As I said, I would take that study with a couple teaspoons of salt. Besides my own experience and testimonials from others, I have read material before stating that exercise actually reduces your hunger, at least temporarily.
BTW, the article further states: “a pound of muscle burns approximately six calories a day in a resting body, compared with the two calories that a pound of fat burns. Which means that after you work out hard enough to convert, say, 10 lb. of fat to muscle - a major achievement - you would be able to eat only an extra 40 calories per day…before beginning to gain weight.”
Well, in the first place a body does not convert fat into muscle. You develop more muscle by exercising and lose fat by expending more calories than you take in. The author of that article appears under the misconception that you can turn fat into muscle.
I don’t have a cite to hand (because I recycle my old copies and my google-fu is weak) but I remember an article in The Economist that noted that modern foods are far more refined than in the past, so bite for bite it’s easier for the body to take nutrients out of it. Does that sound like an accurate recollection?
People do less hard work than they used to. They eat more than they used to. They can afford to eat more junk than they used to. A lot of food has far more sugar in it that it used to. But here’s something to worry about.

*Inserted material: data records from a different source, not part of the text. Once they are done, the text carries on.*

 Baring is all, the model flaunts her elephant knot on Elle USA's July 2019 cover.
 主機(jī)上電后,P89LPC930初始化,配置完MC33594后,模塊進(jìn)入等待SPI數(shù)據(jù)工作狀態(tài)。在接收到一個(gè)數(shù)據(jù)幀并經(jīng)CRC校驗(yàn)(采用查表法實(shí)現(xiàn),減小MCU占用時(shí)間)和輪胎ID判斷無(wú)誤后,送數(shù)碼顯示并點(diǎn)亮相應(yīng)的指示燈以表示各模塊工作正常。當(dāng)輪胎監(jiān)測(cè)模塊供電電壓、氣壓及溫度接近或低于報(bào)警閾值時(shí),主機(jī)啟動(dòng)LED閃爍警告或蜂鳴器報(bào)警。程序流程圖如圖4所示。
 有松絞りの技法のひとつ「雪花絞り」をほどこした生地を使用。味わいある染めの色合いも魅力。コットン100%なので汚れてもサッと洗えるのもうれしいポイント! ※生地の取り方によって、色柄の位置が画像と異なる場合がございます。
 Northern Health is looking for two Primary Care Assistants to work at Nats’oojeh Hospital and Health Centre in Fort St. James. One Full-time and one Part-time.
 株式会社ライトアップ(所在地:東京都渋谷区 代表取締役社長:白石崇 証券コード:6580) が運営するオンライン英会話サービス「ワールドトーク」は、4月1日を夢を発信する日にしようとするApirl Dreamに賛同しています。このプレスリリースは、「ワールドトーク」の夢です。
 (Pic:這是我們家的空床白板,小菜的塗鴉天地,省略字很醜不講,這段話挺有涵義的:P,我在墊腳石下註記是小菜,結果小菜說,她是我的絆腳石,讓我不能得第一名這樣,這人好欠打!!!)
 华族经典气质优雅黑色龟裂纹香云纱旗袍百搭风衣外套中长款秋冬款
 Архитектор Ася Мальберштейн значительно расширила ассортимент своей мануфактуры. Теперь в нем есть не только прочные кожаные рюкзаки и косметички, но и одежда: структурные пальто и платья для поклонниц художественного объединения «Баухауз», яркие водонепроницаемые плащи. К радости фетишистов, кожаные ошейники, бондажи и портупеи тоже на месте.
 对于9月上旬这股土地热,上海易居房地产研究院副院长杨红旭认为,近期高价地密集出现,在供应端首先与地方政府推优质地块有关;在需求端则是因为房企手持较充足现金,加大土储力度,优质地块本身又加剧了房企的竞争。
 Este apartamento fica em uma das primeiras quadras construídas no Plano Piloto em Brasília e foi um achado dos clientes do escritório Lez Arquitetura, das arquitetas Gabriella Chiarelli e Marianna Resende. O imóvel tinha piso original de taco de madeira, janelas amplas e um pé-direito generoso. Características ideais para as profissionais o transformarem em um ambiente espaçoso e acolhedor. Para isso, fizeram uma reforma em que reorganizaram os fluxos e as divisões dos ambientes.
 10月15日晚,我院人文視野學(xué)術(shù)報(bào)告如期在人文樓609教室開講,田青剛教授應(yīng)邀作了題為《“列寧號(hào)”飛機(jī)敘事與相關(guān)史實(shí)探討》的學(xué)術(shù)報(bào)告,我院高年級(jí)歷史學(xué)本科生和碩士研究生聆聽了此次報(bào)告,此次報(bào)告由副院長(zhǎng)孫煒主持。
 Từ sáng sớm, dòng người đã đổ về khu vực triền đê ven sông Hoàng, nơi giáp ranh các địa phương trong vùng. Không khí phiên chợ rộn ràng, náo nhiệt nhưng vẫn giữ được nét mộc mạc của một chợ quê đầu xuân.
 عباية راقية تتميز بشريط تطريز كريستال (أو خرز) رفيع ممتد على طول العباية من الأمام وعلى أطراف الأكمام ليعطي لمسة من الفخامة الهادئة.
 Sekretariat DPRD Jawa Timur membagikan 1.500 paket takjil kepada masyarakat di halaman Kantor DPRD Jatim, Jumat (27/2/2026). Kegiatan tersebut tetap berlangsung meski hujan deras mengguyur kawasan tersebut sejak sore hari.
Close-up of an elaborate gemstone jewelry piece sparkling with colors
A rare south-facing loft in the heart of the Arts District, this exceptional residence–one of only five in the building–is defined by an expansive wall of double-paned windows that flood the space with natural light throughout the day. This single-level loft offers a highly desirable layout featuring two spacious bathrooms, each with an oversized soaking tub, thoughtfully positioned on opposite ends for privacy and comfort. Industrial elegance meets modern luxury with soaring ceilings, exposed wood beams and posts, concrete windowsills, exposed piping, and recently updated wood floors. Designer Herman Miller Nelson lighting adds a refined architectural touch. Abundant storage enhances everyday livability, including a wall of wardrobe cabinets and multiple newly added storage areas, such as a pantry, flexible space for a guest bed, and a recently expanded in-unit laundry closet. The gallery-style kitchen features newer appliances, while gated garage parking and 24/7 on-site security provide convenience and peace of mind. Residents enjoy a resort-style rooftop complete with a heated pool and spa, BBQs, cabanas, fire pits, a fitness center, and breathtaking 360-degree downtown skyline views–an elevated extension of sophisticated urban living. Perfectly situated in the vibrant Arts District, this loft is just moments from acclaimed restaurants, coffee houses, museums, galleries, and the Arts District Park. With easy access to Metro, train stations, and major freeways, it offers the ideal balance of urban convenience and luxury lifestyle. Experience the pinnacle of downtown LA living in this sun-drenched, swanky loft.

A lot of kids are being treated for ‘conditions’ that used to be thought of as just being kids (as well as hyper-active from over-sweetened drinks). Drugging kids into obedience is much more common in the USA than most countries because of the commercial nature of medicine, but it is the USA that publishes the psychiatrists’ diagnostic ‘bible’. Strange to say side-effects of some of the psychiatric treatments intended for adults for conditions defined in adults when used on children are rapid weight gain and diabetes.
Except that, as is well-known, that’s a myth.
Yes, another manifestation of the evil glyco-medical complex.
The human body is extremely efficient, to such a degree that even if you’re quite active you can still make yourself fat if you’re consuming something on the order of 3000 calories per day.
Fitness buffs love to tout “exercise” but I think the short answer answer is “too many calories.”
The longer answer has been the stuff of many studies, nearly all of which are “controversial” to the side disagreeing with them.
If, by “exercise” you mean the notion of walking everywhere, taking the stairs instead of the escalator, and so on, then I think “exercise” is very important. I’d call that sort of exercise not being sedentary. If by “exercise” you are talking about the hearty eater who gets his fat ass on the treadmill 3 times a week (the Pedant is looking in the mirror here) but dines on sweet fat, I’m underwhelmed that exercise is worth a damn for weight control.
If you do pull up studies–and there a bazillion–pay attention only to ones which look at folks five years or so down the road. In my opinion, short-term results from any intervention tend to be astoundingly good and utterly worthless.
We–me at least–eat too much. Way too much (well; not me, but you get the drift).